Data to process below:

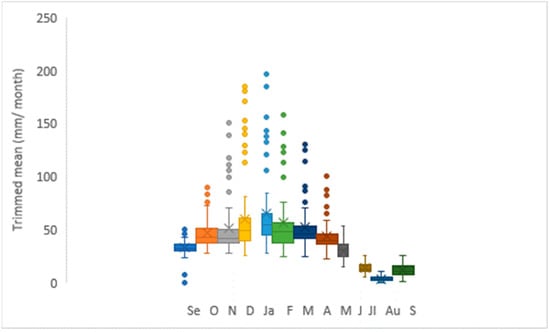 Figure 4 shows the box plots of the monthly trimmed mean, considering the threshold of 3%. The seasonal variability is highlighted, with July as the driest month and January as the wettest month. In total, for the period of 1950–2018, 98 stations totaled more than 30 years of observations for every calendar month, representing 59,032 station-months at monthly level. The maximum monthly sample size was 69 years corresponding to a single station (51,672) without gaps. In contrast, 45 stations out of 144 had fewer than 31 years of observations per month during the period 1950–2018. Nineteen of them are stations that opened before 1931. For stations with more than 30 years of observations for every month, the ratio of the number of gaps to the number of station-months was 14%. At station scale, the median rate of gaps was 9%. Per month, the mean rate of gaps was 14–15%, except for July and August, where it was higher (17–18%).
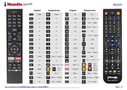 A document is included to help you use the new remote control easily, showing the button correspondence.
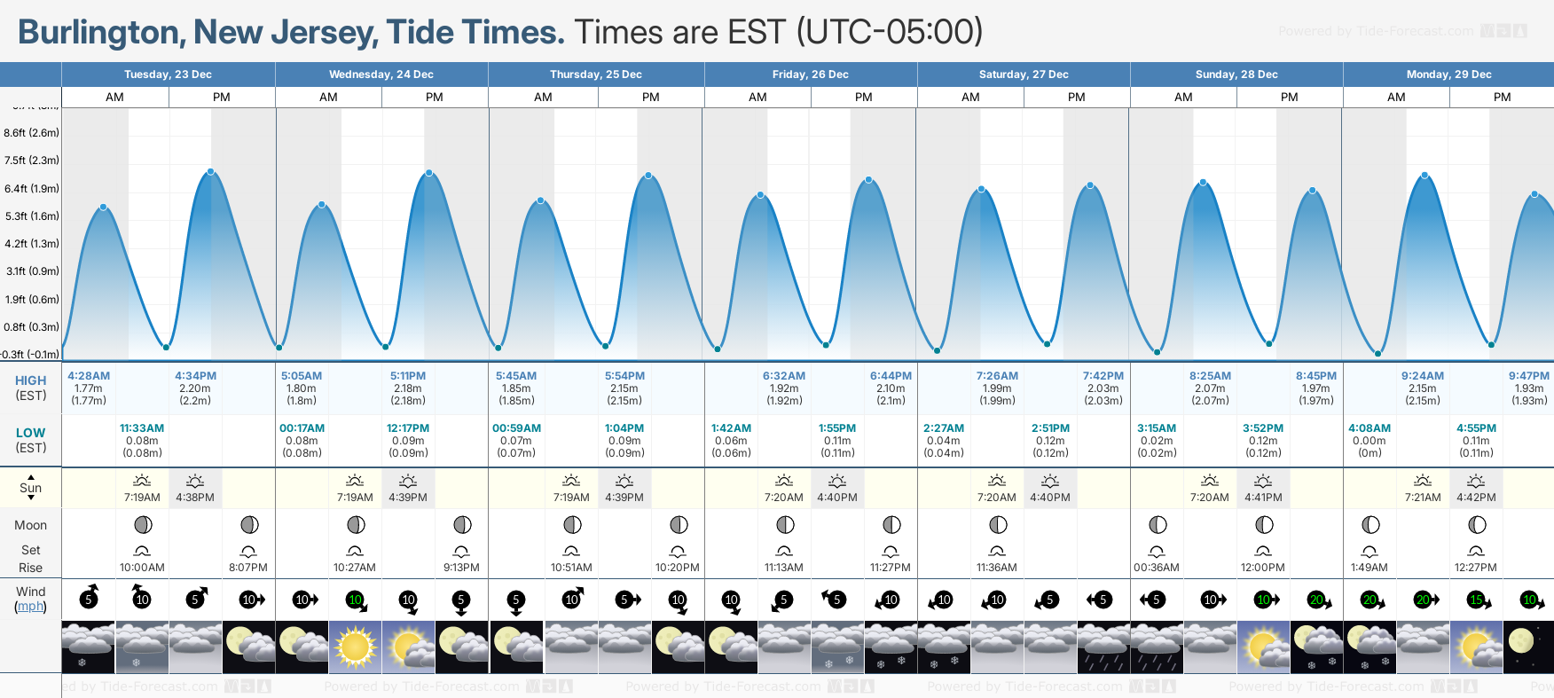 Burlington tide times for December and January
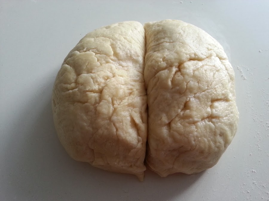 2. - Amasamos muy bien y hacemos una bola con la masa, que cortaremos en dos partes.
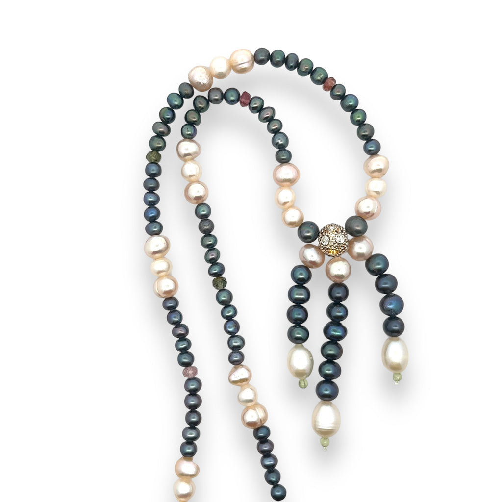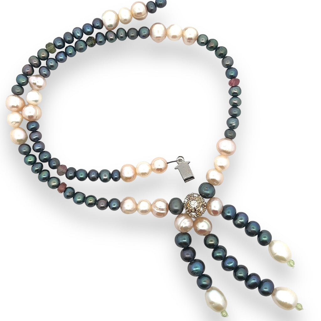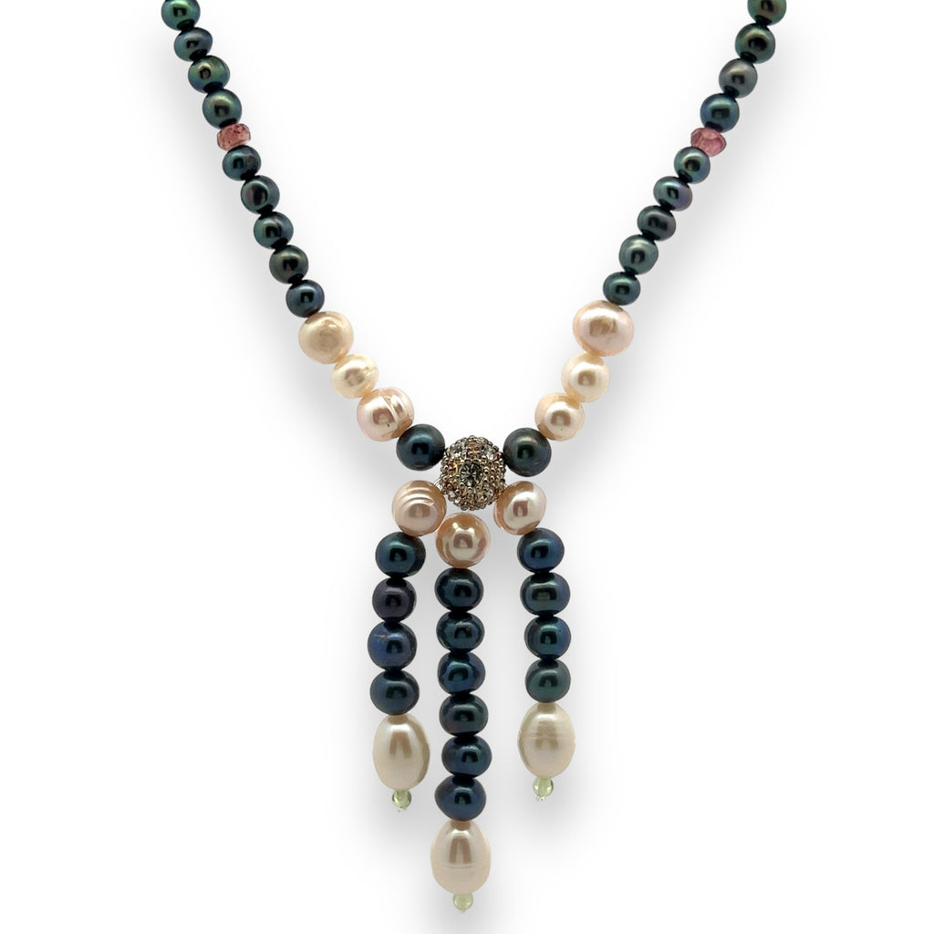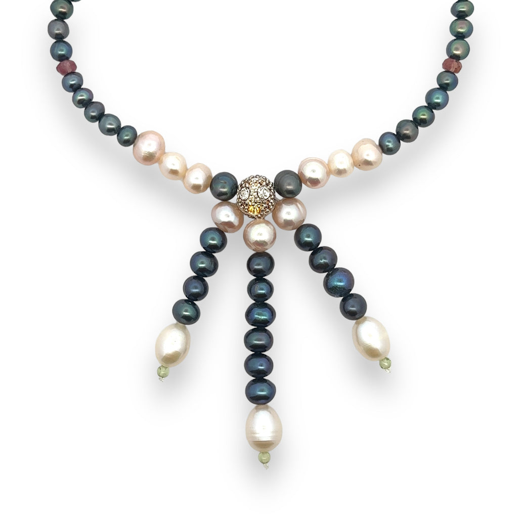 Natural Peridot Multi Tourmaline Pearl Handmade Necklace Jewelry
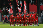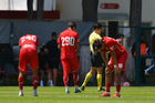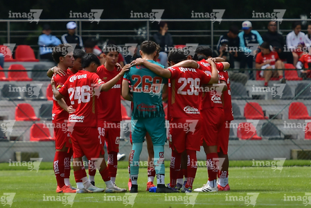 Metepec, Estado de México, 24 de septiembre de 2025. Jugadores del Toluca sub19 , durante el partido correspondiente a la jornada 10 del torneo Apertura 2025 de la Liga BBVA MX categoría Sub19, entre los Diablos Rojos del Toluca y los Rayados del Monterrey, realizado en las instalaciones de Metepec. Foto: Imago7 /Arturo Hernandez
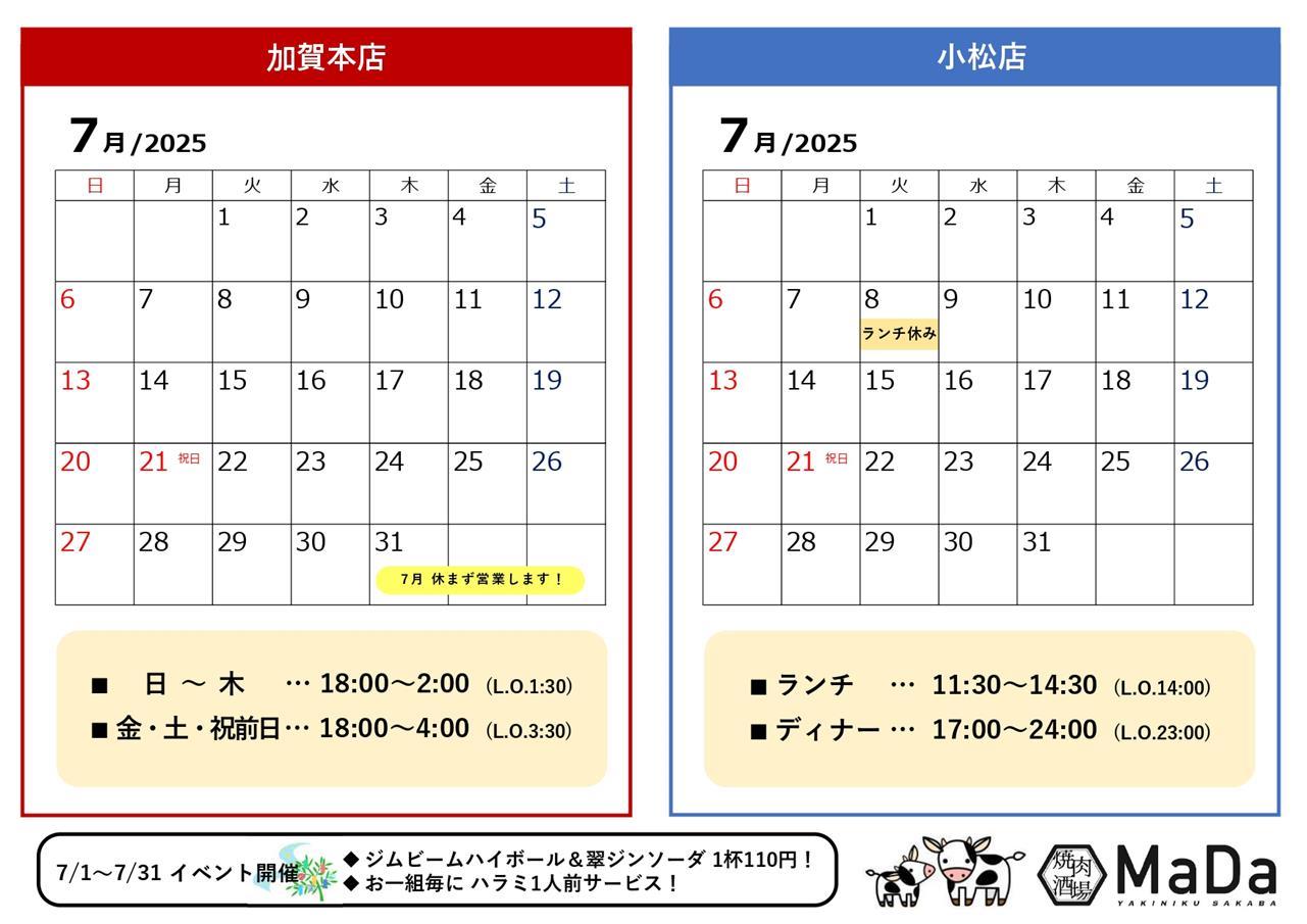 7月 休まず営業いたします💪🏻❤️‍🔥
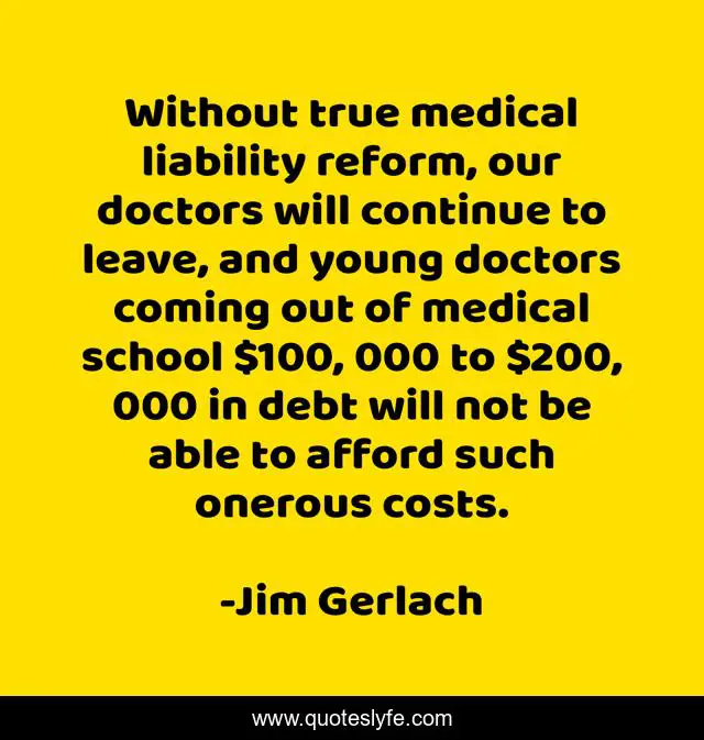 This page presents the quote "Without true medical liability reform, our doctors will continue to leave, and young doctors coming out of medical school $100, 000 to $200, 000 in debt will not be able to afford such onerous costs.". Author of this quote is Jim Gerlach. This quote is about school, debt, young,.
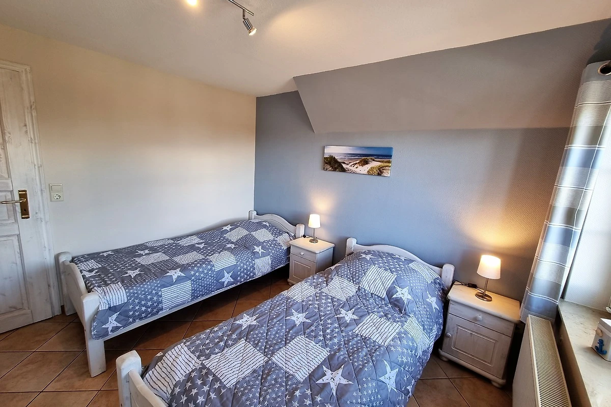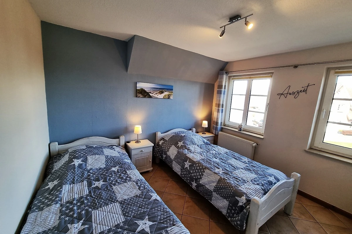 Das zweite Schlafzimmer verfügt über zwei Einzelbetten (je 0,90 × 2,00 m) sowie ebenfalls über einen Kleiderschrank.
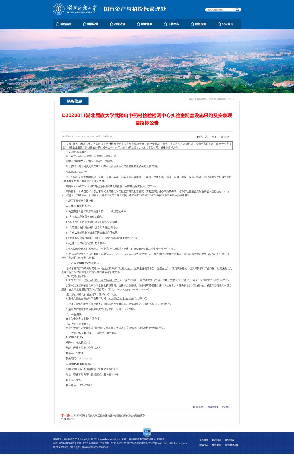 项目概况:雷竞技raybet登录入口武陵山中药材检验检测中心实验室配套设施采购及安装项目的潜在投标人应在恩施州公共资源交易信息网,由电子交易平台“投标企业登录”系统报名并下载招标文件,并于2020年8月10日9点30分(北京时间)前递交投标文件。
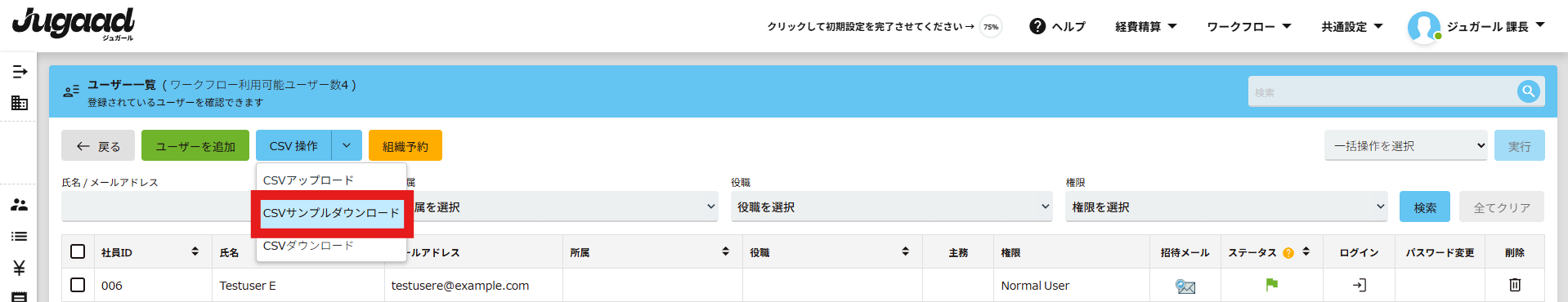 2. CSV操作からCSVサンプルダウンロードからCSVサンプルをダウンロードします
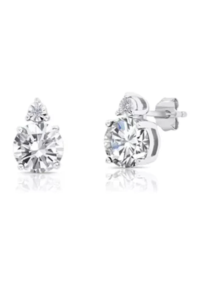 7 Millimeter Round Created White Sapphire and Diamond Accent Stud Earrings in Sterling Silver
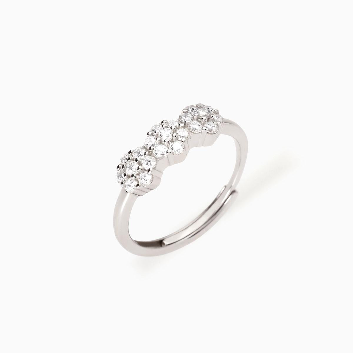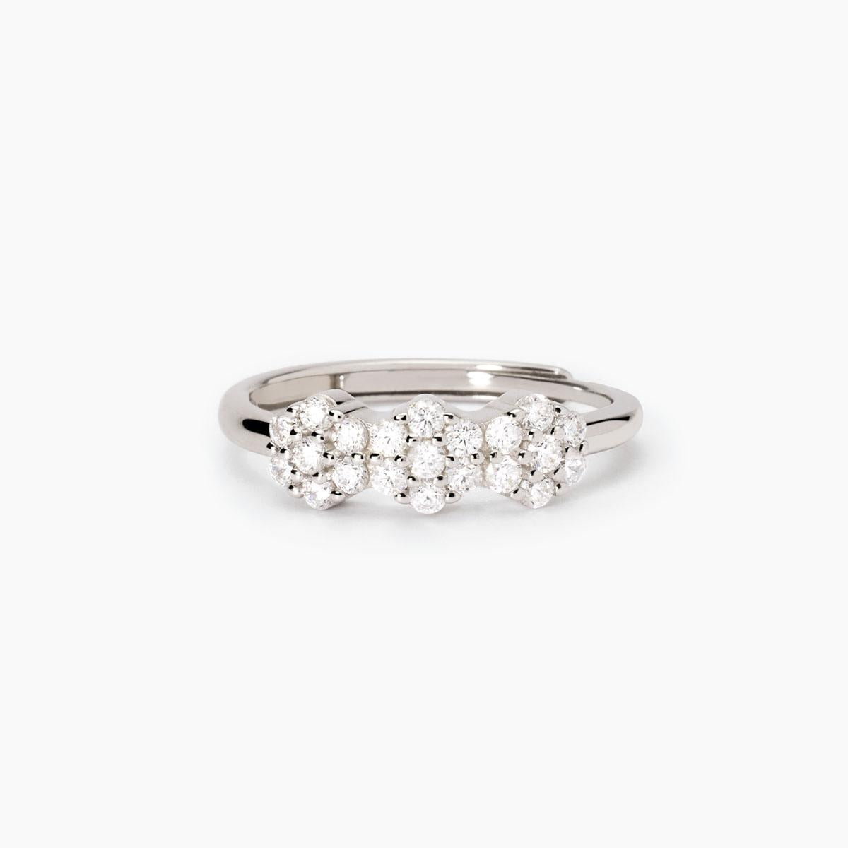 Anello regolabile da donna in argento rodiato con elementi a forma di fiore e zirconi.
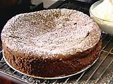 Beat the egg whites in a mixing bowl until stiff peaks form and fold into the chocolate mixture. Pour into the prepared pan and bake until the cake is set, the top starts to crack and a toothpick inserted into the cake comes out with moist crumbs clinging to it, 20 to 25 minutes. Let stand 10 minutes, then remove sides of pan.

End of Data to process.

What to work on
Look above for the line containing "Burlington tide times", then copy exactly from it through the line containing "Natural Peridot Multi", keeping both and leaving out pictures. Add nothing else.

Your response
 Burlington tide times for December and January
 2. - Amasamos muy bien y hacemos una bola con la masa, que cortaremos en dos partes.
 Natural Peridot Multi Tourmaline Pearl Handmade Necklace Jewelry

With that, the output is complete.